REQUIRED WORK
For this exercise, return exactly the lines of the material below that begin at the one with "205 Junior a" and stop after the one with "Durch Kastanienwälder und".

DATA FOR THE TASK
......

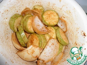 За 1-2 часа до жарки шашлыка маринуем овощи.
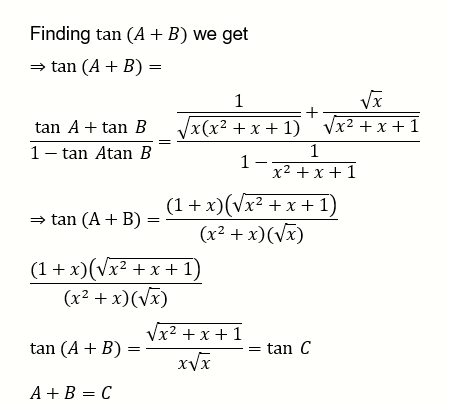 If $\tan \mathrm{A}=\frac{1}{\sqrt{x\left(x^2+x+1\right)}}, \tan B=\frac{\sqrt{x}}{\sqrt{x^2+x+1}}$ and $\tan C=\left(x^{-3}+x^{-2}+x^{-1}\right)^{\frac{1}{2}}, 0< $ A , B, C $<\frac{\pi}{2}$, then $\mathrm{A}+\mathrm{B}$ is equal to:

......

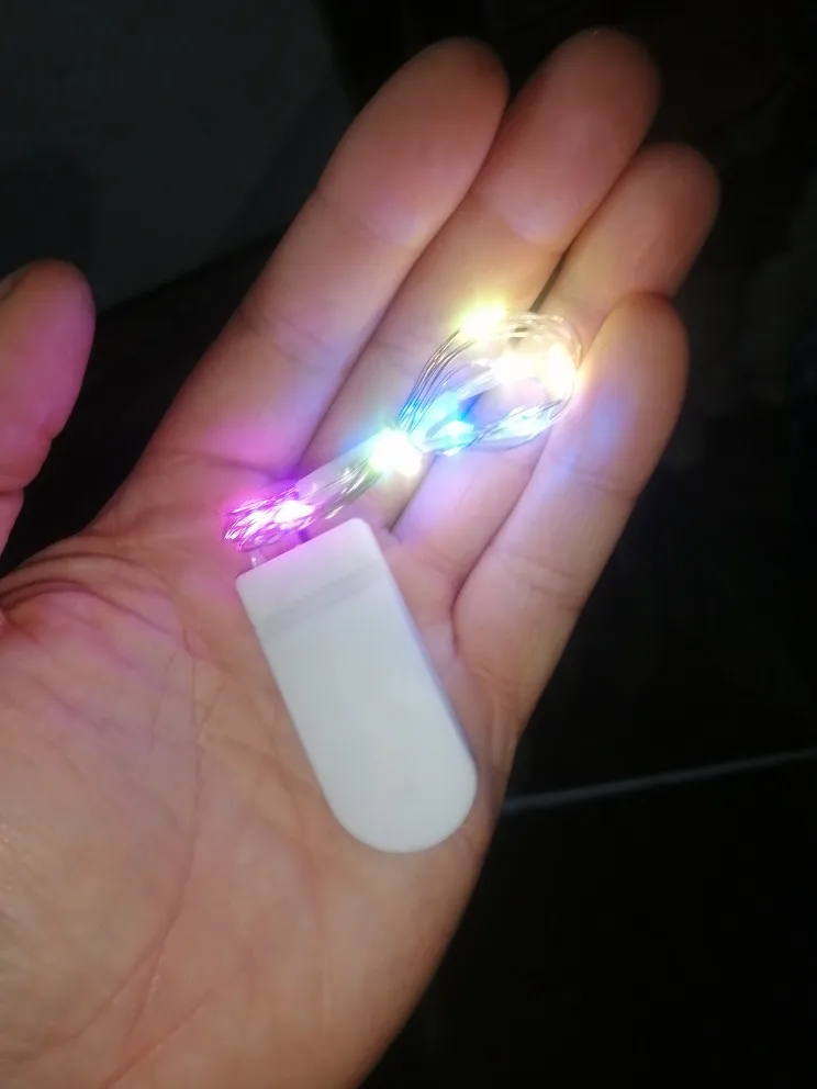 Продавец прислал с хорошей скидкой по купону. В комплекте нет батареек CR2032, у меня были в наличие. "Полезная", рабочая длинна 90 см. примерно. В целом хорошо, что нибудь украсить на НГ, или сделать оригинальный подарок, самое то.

......

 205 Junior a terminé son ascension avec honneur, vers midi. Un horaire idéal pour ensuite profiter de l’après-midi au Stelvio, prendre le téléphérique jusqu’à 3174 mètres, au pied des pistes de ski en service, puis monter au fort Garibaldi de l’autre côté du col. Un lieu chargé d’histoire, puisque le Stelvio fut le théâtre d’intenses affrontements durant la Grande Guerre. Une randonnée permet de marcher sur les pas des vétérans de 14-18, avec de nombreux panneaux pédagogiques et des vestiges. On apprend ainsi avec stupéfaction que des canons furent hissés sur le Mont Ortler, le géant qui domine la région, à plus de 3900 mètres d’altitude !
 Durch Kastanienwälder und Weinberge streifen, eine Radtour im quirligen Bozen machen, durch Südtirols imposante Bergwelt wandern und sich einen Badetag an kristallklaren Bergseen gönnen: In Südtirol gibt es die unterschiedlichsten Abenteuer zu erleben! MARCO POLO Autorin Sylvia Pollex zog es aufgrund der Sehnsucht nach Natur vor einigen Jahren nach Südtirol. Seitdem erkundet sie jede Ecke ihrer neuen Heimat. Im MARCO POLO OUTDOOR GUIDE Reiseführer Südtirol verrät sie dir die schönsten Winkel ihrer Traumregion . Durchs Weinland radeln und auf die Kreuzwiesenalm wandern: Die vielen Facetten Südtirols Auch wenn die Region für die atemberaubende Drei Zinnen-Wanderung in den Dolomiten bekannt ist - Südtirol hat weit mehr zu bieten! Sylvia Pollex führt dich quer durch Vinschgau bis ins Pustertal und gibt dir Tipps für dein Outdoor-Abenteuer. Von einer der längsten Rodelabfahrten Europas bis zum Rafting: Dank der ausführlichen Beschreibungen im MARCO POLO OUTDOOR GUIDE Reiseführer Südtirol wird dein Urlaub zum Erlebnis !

......

SOLUTION TO THIS PROBLEM
 205 Junior a terminé son ascension avec honneur, vers midi. Un horaire idéal pour ensuite profiter de l’après-midi au Stelvio, prendre le téléphérique jusqu’à 3174 mètres, au pied des pistes de ski en service, puis monter au fort Garibaldi de l’autre côté du col. Un lieu chargé d’histoire, puisque le Stelvio fut le théâtre d’intenses affrontements durant la Grande Guerre. Une randonnée permet de marcher sur les pas des vétérans de 14-18, avec de nombreux panneaux pédagogiques et des vestiges. On apprend ainsi avec stupéfaction que des canons furent hissés sur le Mont Ortler, le géant qui domine la région, à plus de 3900 mètres d’altitude !
 Durch Kastanienwälder und Weinberge streifen, eine Radtour im quirligen Bozen machen, durch Südtirols imposante Bergwelt wandern und sich einen Badetag an kristallklaren Bergseen gönnen: In Südtirol gibt es die unterschiedlichsten Abenteuer zu erleben! MARCO POLO Autorin Sylvia Pollex zog es aufgrund der Sehnsucht nach Natur vor einigen Jahren nach Südtirol. Seitdem erkundet sie jede Ecke ihrer neuen Heimat. Im MARCO POLO OUTDOOR GUIDE Reiseführer Südtirol verrät sie dir die schönsten Winkel ihrer Traumregion . Durchs Weinland radeln und auf die Kreuzwiesenalm wandern: Die vielen Facetten Südtirols Auch wenn die Region für die atemberaubende Drei Zinnen-Wanderung in den Dolomiten bekannt ist - Südtirol hat weit mehr zu bieten! Sylvia Pollex führt dich quer durch Vinschgau bis ins Pustertal und gibt dir Tipps für dein Outdoor-Abenteuer. Von einer der längsten Rodelabfahrten Europas bis zum Rafting: Dank der ausführlichen Beschreibungen im MARCO POLO OUTDOOR GUIDE Reiseführer Südtirol wird dein Urlaub zum Erlebnis !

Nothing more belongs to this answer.